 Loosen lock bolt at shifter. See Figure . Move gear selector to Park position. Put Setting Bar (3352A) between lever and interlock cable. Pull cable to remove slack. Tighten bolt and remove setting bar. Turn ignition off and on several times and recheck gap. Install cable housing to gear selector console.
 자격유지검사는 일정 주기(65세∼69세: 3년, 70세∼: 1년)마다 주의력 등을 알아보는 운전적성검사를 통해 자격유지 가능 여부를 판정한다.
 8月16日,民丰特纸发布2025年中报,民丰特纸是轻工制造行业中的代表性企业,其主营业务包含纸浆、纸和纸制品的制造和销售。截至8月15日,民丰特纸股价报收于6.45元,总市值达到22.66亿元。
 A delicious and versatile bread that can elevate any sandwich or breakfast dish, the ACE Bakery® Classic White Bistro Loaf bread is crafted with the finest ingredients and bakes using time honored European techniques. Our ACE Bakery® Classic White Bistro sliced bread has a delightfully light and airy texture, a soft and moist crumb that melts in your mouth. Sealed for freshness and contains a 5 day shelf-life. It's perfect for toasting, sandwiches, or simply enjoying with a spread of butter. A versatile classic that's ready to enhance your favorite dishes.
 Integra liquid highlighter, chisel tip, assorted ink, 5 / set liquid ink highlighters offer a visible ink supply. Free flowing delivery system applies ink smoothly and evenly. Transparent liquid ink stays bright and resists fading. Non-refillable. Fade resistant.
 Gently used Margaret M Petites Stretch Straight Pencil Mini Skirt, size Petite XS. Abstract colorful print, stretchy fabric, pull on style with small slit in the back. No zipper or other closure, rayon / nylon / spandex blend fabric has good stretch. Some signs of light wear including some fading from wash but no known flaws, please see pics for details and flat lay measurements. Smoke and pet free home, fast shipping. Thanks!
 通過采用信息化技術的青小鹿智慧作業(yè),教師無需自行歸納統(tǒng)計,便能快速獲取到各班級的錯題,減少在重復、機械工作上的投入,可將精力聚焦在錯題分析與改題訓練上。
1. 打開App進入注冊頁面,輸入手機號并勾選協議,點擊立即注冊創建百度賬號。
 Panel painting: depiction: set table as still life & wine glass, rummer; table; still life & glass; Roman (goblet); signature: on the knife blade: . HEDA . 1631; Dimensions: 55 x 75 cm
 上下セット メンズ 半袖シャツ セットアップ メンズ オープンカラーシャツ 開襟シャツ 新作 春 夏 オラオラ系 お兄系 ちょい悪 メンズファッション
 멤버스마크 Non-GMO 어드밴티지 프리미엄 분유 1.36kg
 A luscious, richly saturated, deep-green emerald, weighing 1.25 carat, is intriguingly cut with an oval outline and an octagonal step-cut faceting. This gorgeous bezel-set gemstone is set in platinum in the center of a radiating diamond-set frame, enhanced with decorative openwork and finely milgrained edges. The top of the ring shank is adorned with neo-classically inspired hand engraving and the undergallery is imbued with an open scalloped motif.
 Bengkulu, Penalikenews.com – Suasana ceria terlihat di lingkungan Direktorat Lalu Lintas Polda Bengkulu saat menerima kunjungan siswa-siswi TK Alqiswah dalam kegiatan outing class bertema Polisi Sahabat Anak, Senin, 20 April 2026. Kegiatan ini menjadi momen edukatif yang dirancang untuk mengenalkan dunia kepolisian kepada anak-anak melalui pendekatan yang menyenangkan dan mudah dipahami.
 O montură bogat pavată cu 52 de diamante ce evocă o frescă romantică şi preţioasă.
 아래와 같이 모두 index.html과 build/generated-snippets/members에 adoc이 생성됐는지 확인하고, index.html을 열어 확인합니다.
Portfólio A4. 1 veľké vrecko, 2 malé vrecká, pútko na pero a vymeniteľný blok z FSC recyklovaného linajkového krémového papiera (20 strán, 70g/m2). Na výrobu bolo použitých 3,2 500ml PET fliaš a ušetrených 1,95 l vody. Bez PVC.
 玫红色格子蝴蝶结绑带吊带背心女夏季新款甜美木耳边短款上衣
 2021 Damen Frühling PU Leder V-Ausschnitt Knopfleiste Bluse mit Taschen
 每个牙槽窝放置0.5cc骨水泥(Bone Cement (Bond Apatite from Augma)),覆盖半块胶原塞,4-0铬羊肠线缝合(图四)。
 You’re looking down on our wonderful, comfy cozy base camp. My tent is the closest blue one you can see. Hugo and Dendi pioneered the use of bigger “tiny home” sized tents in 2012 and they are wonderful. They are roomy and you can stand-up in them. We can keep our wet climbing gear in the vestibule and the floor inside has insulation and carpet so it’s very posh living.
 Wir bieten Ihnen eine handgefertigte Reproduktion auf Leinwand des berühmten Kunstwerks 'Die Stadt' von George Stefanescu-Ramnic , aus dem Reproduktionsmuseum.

────

Exercise
Write out all the entries once more, exactly.

Expected answer
 Loosen lock bolt at shifter. See Figure . Move gear selector to Park position. Put Setting Bar (3352A) between lever and interlock cable. Pull cable to remove slack. Tighten bolt and remove setting bar. Turn ignition off and on several times and recheck gap. Install cable housing to gear selector console.
 자격유지검사는 일정 주기(65세∼69세: 3년, 70세∼: 1년)마다 주의력 등을 알아보는 운전적성검사를 통해 자격유지 가능 여부를 판정한다.
 8月16日,民丰特纸发布2025年中报,民丰特纸是轻工制造行业中的代表性企业,其主营业务包含纸浆、纸和纸制品的制造和销售。截至8月15日,民丰特纸股价报收于6.45元,总市值达到22.66亿元。
 A delicious and versatile bread that can elevate any sandwich or breakfast dish, the ACE Bakery® Classic White Bistro Loaf bread is crafted with the finest ingredients and bakes using time honored European techniques. Our ACE Bakery® Classic White Bistro sliced bread has a delightfully light and airy texture, a soft and moist crumb that melts in your mouth. Sealed for freshness and contains a 5 day shelf-life. It's perfect for toasting, sandwiches, or simply enjoying with a spread of butter. A versatile classic that's ready to enhance your favorite dishes.
 Integra liquid highlighter, chisel tip, assorted ink, 5 / set liquid ink highlighters offer a visible ink supply. Free flowing delivery system applies ink smoothly and evenly. Transparent liquid ink stays bright and resists fading. Non-refillable. Fade resistant.
 Gently used Margaret M Petites Stretch Straight Pencil Mini Skirt, size Petite XS. Abstract colorful print, stretchy fabric, pull on style with small slit in the back. No zipper or other closure, rayon / nylon / spandex blend fabric has good stretch. Some signs of light wear including some fading from wash but no known flaws, please see pics for details and flat lay measurements. Smoke and pet free home, fast shipping. Thanks!
 通過采用信息化技術的青小鹿智慧作業(yè),教師無需自行歸納統(tǒng)計,便能快速獲取到各班級的錯題,減少在重復、機械工作上的投入,可將精力聚焦在錯題分析與改題訓練上。
1. 打開App進入注冊頁面,輸入手機號并勾選協議,點擊立即注冊創建百度賬號。
 Panel painting: depiction: set table as still life & wine glass, rummer; table; still life & glass; Roman (goblet); signature: on the knife blade: . HEDA . 1631; Dimensions: 55 x 75 cm
 上下セット メンズ 半袖シャツ セットアップ メンズ オープンカラーシャツ 開襟シャツ 新作 春 夏 オラオラ系 お兄系 ちょい悪 メンズファッション
 멤버스마크 Non-GMO 어드밴티지 프리미엄 분유 1.36kg
 A luscious, richly saturated, deep-green emerald, weighing 1.25 carat, is intriguingly cut with an oval outline and an octagonal step-cut faceting. This gorgeous bezel-set gemstone is set in platinum in the center of a radiating diamond-set frame, enhanced with decorative openwork and finely milgrained edges. The top of the ring shank is adorned with neo-classically inspired hand engraving and the undergallery is imbued with an open scalloped motif.
 Bengkulu, Penalikenews.com – Suasana ceria terlihat di lingkungan Direktorat Lalu Lintas Polda Bengkulu saat menerima kunjungan siswa-siswi TK Alqiswah dalam kegiatan outing class bertema Polisi Sahabat Anak, Senin, 20 April 2026. Kegiatan ini menjadi momen edukatif yang dirancang untuk mengenalkan dunia kepolisian kepada anak-anak melalui pendekatan yang menyenangkan dan mudah dipahami.
 O montură bogat pavată cu 52 de diamante ce evocă o frescă romantică şi preţioasă.
 아래와 같이 모두 index.html과 build/generated-snippets/members에 adoc이 생성됐는지 확인하고, index.html을 열어 확인합니다.
Portfólio A4. 1 veľké vrecko, 2 malé vrecká, pútko na pero a vymeniteľný blok z FSC recyklovaného linajkového krémového papiera (20 strán, 70g/m2). Na výrobu bolo použitých 3,2 500ml PET fliaš a ušetrených 1,95 l vody. Bez PVC.
 玫红色格子蝴蝶结绑带吊带背心女夏季新款甜美木耳边短款上衣
 2021 Damen Frühling PU Leder V-Ausschnitt Knopfleiste Bluse mit Taschen
 每个牙槽窝放置0.5cc骨水泥(Bone Cement (Bond Apatite from Augma)),覆盖半块胶原塞,4-0铬羊肠线缝合(图四)。
 You’re looking down on our wonderful, comfy cozy base camp. My tent is the closest blue one you can see. Hugo and Dendi pioneered the use of bigger “tiny home” sized tents in 2012 and they are wonderful. They are roomy and you can stand-up in them. We can keep our wet climbing gear in the vestibule and the floor inside has insulation and carpet so it’s very posh living.
 Wir bieten Ihnen eine handgefertigte Reproduktion auf Leinwand des berühmten Kunstwerks 'Die Stadt' von George Stefanescu-Ramnic , aus dem Reproduktionsmuseum.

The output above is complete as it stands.